This topic is intimately connected to the content of a recently published book, and above all to a letter – previously unpublished – contained in that book.

The book is Liberare la libertà. Fede e Politica nel Terzo Millennio (Liberating freedom: Faith and politics in the Third Millennium), curated by professors Pierluca Azzaro and Carlos Granados, as the second of a series of 7 books of Joseph Ratzinger’s selected texts addressing the main themes of the pontificate. (An English-language edition of the book will be published later this year by Ignatius Press.)

Including excerpts from the second book of his JESUS OF NAZARETH TRILOGY, a dialogue Benedict XVI had with the German philosopher Jurgen Habermas in 2004, his address to the UK's political and intellectual elite in 2010, and his address to the German Bundestag in September 2011, the book provides a wide overview of Joseph Ratzinger’s political thought.

The final question, for Benedict XVI, is always God.
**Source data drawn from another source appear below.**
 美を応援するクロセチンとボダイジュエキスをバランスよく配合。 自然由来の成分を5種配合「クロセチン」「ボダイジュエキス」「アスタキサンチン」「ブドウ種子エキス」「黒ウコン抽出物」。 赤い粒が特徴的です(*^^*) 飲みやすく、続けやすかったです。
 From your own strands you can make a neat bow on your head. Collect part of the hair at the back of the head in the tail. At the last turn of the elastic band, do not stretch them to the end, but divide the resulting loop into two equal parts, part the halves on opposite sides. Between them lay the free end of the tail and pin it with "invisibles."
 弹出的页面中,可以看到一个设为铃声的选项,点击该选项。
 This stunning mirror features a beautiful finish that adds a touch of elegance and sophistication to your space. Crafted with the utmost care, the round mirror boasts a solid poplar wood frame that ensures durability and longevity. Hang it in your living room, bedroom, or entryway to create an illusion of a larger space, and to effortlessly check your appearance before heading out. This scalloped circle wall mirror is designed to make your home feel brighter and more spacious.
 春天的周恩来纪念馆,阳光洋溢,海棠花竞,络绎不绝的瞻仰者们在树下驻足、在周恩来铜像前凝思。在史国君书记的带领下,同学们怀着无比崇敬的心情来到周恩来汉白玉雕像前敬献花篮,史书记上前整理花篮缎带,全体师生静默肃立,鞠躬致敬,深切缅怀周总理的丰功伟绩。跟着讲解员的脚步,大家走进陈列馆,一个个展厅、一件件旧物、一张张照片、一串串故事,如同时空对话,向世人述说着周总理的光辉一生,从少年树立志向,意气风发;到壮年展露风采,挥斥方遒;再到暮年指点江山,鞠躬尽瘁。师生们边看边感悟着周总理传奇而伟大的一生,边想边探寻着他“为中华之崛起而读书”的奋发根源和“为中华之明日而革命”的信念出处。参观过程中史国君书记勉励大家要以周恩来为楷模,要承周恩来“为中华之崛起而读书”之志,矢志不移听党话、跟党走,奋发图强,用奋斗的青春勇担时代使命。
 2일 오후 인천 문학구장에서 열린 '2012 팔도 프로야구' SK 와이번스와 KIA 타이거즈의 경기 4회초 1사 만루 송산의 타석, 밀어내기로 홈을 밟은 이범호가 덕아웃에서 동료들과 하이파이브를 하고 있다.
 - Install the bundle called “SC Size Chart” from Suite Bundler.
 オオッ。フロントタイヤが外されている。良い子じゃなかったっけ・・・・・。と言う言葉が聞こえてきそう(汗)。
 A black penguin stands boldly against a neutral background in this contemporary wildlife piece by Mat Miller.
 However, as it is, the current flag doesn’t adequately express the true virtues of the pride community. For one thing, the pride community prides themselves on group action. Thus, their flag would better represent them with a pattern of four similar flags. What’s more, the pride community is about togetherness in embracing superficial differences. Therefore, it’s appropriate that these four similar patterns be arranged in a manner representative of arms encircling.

Can a state be built without God? And how much can the state involve itself in the lives of its citizens?

The text, rather than being philosophical, is quite pragmatic. It deals with universal rights like the right to freedom of conscience, along with more general reflections on the idea of personal freedom.

The unpublished letter from Benedict XVI contained in the book provides a response to those questions, since it reaffirms “the centrality of the question of God.”

The letter was a response to a 2014 book by Italian philosopher and politician Marcello Pera, entitled Diritti umani e cristianesimo. La Chiesa alla prova della modernità (Human Rights and Christianity: The Church put to the test by modernity”).

Benedict XVI’s letter makes immediately clear its point: despite the fact that Pope St. John XXIII’s encyclical Pacem in Terris was significant for the use of human rights language in magisterial texts, “the issue of human rights has practically acquired a place of great importance in the post-conciliar Magisterium and theology only with John Paul II”,]] Benedict XVI writes.

He notes that John Paul II’s emphasis on human rights was “the consequence of practical existence,” because “in the idea of human rights is the concrete weapon capable of limiting the totalitarian character of the state,” offering room “for the freedom necessary not only for thinking of the individual person, but also, and above all, for the faith of Christian and for the rights of the Church.”

In John Paul II's view, human rights constituted “the rational force” that could countervail “the all-encompassing presumption, ideological and practical, of the state founded on Marxism” , and that an understanding of human rights could limit any absolutist claim by the state, even those founded on the basis of a religious justification (as most of the Islamic states are). Benedict wrote that this understanding was part of the contribution of John Paul II.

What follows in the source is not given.